* **STORED DATA**

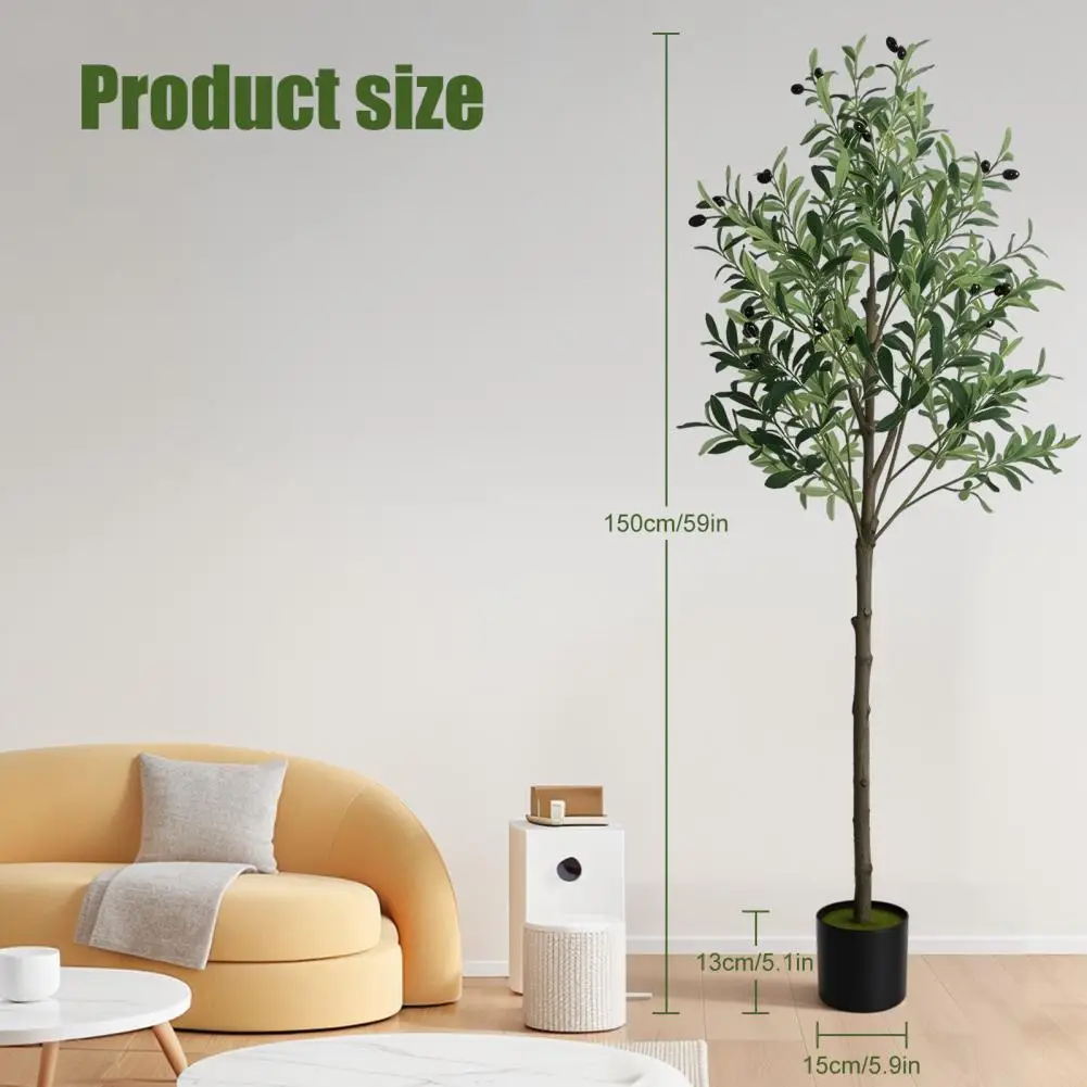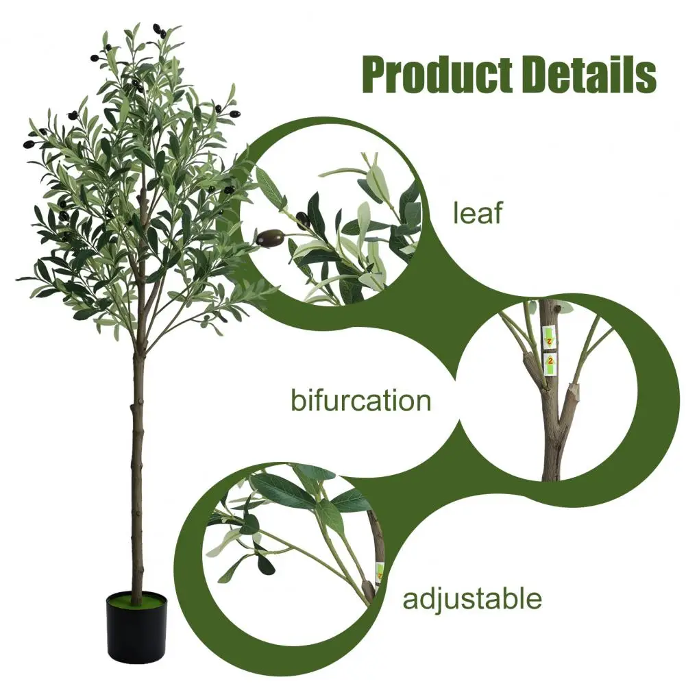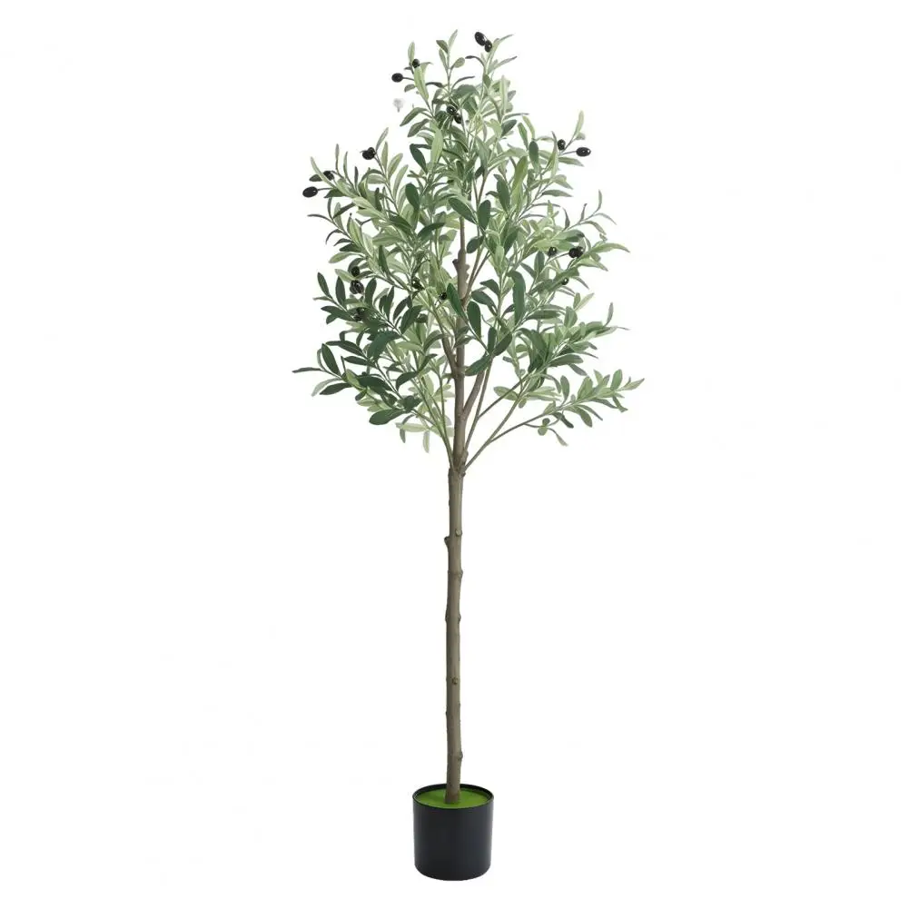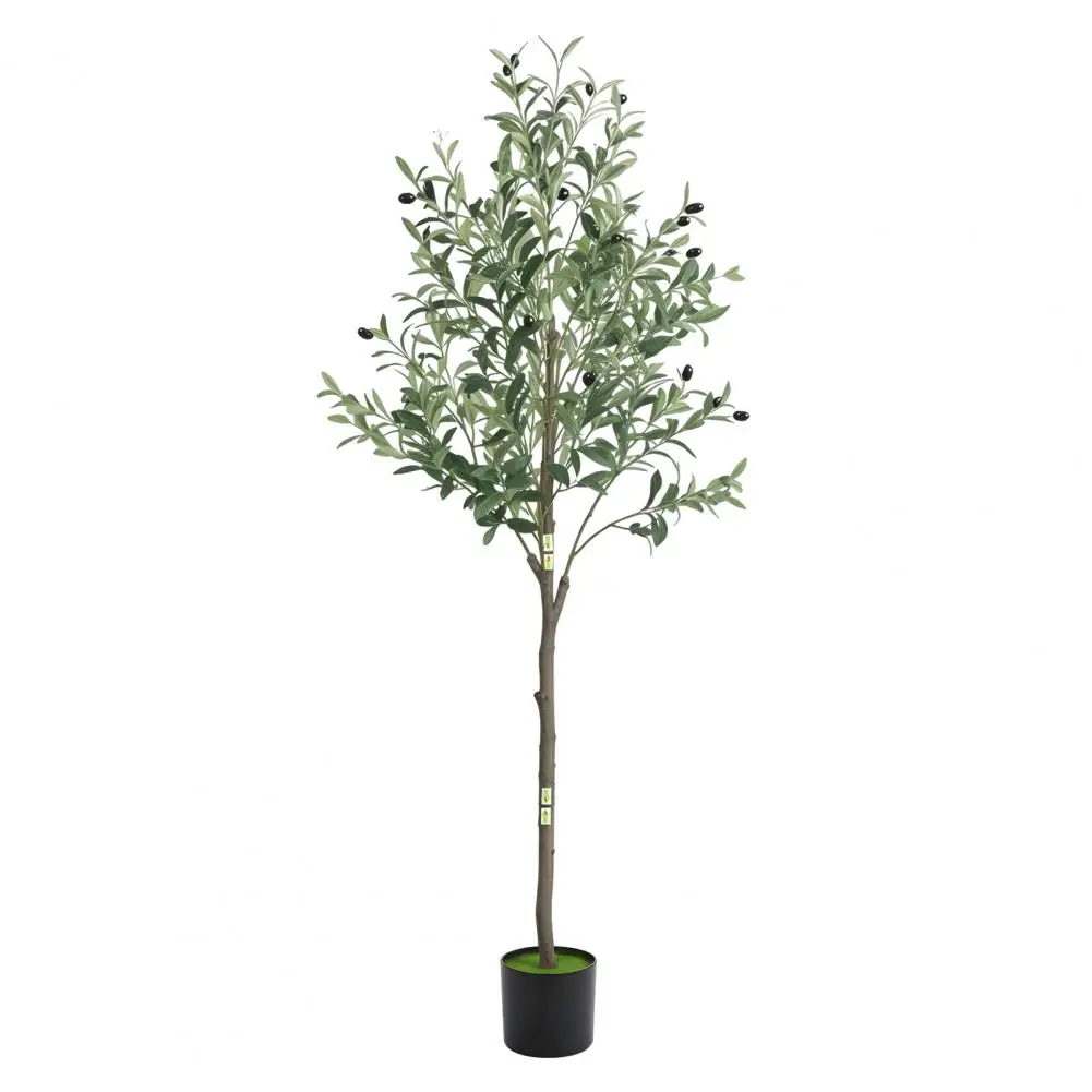 Realistic Simulation: This 5 feet faux olive tree is carefully crafted to mimic the appearance of an olive tree, looking as close to reality as possible. Single trunk splits into several stems, adorned with dozens of olive fruits, which is made of rubber silk fabric. Clearly textured olive leaves and vivid color makes this fake tree a timeless seasonal home decor and will definitely make you feel the existence of nature.
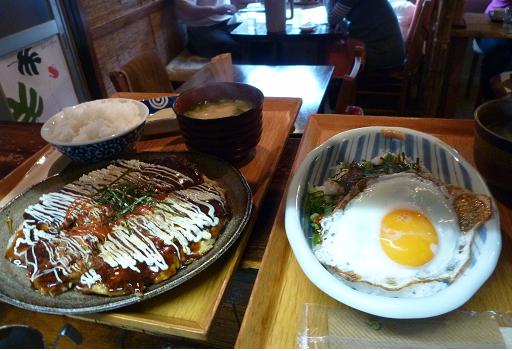 「おまたせしました~♪」 もっちーず 定食 & 豚の角煮丼 味噌汁セット 満腹コースですね 大雨の中 来ていただいてありがとうございました。
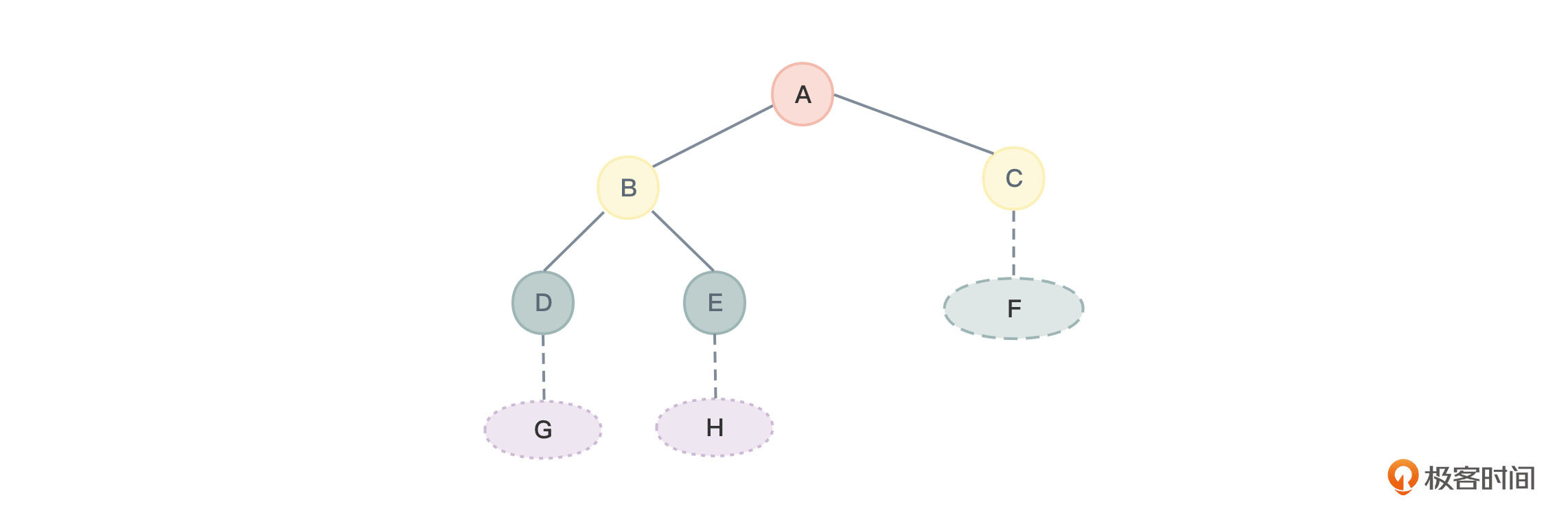 - 看看中序遍历序列是“DGBHEACF”,G在D后面,H在E的前面,F在C的后面,根据中序遍历的左根右规则,G是D的右孩子, H是E的左孩子,F是C的右孩子。这样,完整的二叉树就确定下来了,如前面图15所示。

* **EXERCISE OBJECTIVE**
Return every line of the listing exactly, leaving its pictures behind.

* **RESULT OF THE EXERCISE**
 Realistic Simulation: This 5 feet faux olive tree is carefully crafted to mimic the appearance of an olive tree, looking as close to reality as possible. Single trunk splits into several stems, adorned with dozens of olive fruits, which is made of rubber silk fabric. Clearly textured olive leaves and vivid color makes this fake tree a timeless seasonal home decor and will definitely make you feel the existence of nature.
 「おまたせしました~♪」 もっちーず 定食 & 豚の角煮丼 味噌汁セット 満腹コースですね 大雨の中 来ていただいてありがとうございました。
 - 看看中序遍历序列是“DGBHEACF”,G在D后面,H在E的前面,F在C的后面,根据中序遍历的左根右规则,G是D的右孩子, H是E的左孩子,F是C的右孩子。这样,完整的二叉树就确定下来了,如前面图15所示。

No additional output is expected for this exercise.